(I wrote this on a plane yesterday, flying over the middle of America. This is the first of a series. There will be some explicit language. Note that the story is likely 3/4 true. It's not exactly timely other than that my personal statute of limitations has finally expired)
Lauren was screaming at the girl at the Sizzler cash register. The cashier, younger than Lauren, as small as Lauren, appeared to be on the verge of tears. It was a Sunday. We were coming back from the beach. We were in Fullerton, on Yorba Linda Blvd., just east of the freeway.
After Lauren finished screaming, we took our trays and our ugly food to our as-yet-unchosen table. I took a sip of Pepsi and stared Lauren down. I had no words.
She answered me anyway. "I didn't like her attitude. Just because your card was declined."

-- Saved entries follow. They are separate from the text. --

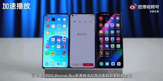 所谓的「超级闪电启动」指的是可以让用户更加快速地进入到游戏中,它可以根据系统的智能调度,在不增加功耗的情况下保证用户的每次启动基本都是热启动,当该功能设置好后,进入游戏仅需大约15秒左右,自动跳转游戏开头动画,体验快人一步。从下面数码博主@李杰灵 的实测中我们就能直观的看出,当OPPO Reno6 Pro已经进入游戏界面时,其他未开启闪电启动的机型才刚刚启动。
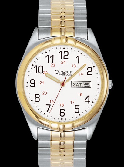 White dial. Luminous hands and markers. Stainless steel expansion bracelet. Water resistant to 30 meters / 100 feet.
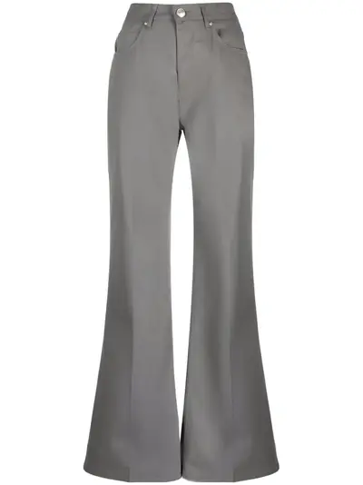 grey cotton belt loops front button and zip fastening logo patch to the rear high-waisted flared classic five pockets
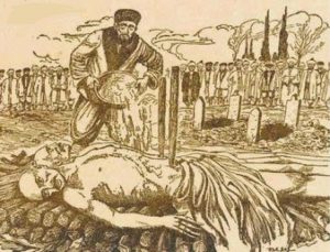 • Ardından kalplerini çıkarıp kaynar suda haşlıyor. Artık mezarı geri örttüler de yine garip olaylar mı oldu yoksa cesetlerde bir şey mi gördüler bilinmez, yeterli bulmayarak cesetleri ateşe veriyorlar.
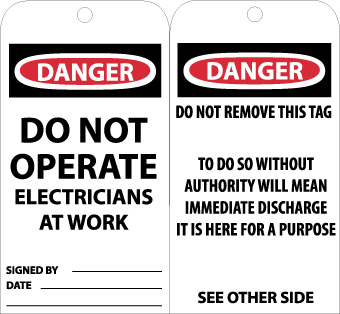 - Header "DANGER" and legend "DO NOT OPERATE ELECTRICIANS AT WORK" and "DO NOT REMOVE THIS TAG, TO DO SO WITHOUT AUTHORITY WILL MEAN IMMEDIATE DISCHARGE IT IS HERE FOR A PURPOSE"
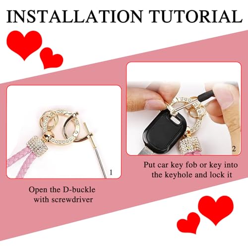 • Bling Keychains For Women- Heart Crystal Rhinestone Keychains Are Made Of High Quality Rhinestones, Woven Leather And Alloy Metal Keychains. The Crystal Heart Key Chain Set, Which Includes The Key Chain, Keyring, Woven Leather , And Screwdriver, Allowing You To DIY Your Own Car Key Holder. It's Stylish,Pretty And Sparkly! You'Re Gonna Love It!
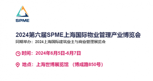 物业展 - 2024 上海物业展 (2024SPME第六届上海国际物业管理产业博览 会 ) 同期举办: 202 4 上海国际建筑业主与商业管理产业展览会 时间: 20 24 年 06 月 05 — 6月 07 日 主办单位:上海物携……阅读全文>>展会日期:2024-06-05至2024-06-07  举办展馆:上海世博展览馆(博成路850号)
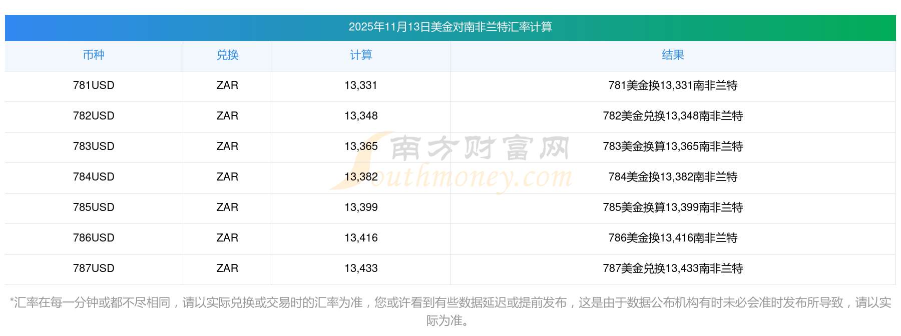 2025年11月13日貨幣兌換:10美金=17.0689南非蘭特。舉例:假如一塊面包需要10美金,則需南非蘭特:17.0689南非蘭特。

I appreciated Lauren's loyalty. But she neglected to consider that the credit card was declined because she owed me money and I was poor. I ended up using my other card, the one with 12 dollars available credit. It worked. Besides, the cashier didn't really have that much of an attitude; Lauren imagined it. I told her this. She got really mad. I was 26. Lauren was 20. I got up, walked away.
I stood for a minute just past the cash register, waiting for the girl to complete the sale - two sirloin dinners with salad bars and sodas, two senior discounts.
"I want to apologize. For her behavior." Yeah, I was a bit of a bastard. What kind of boyfriend was I? Honor over love!?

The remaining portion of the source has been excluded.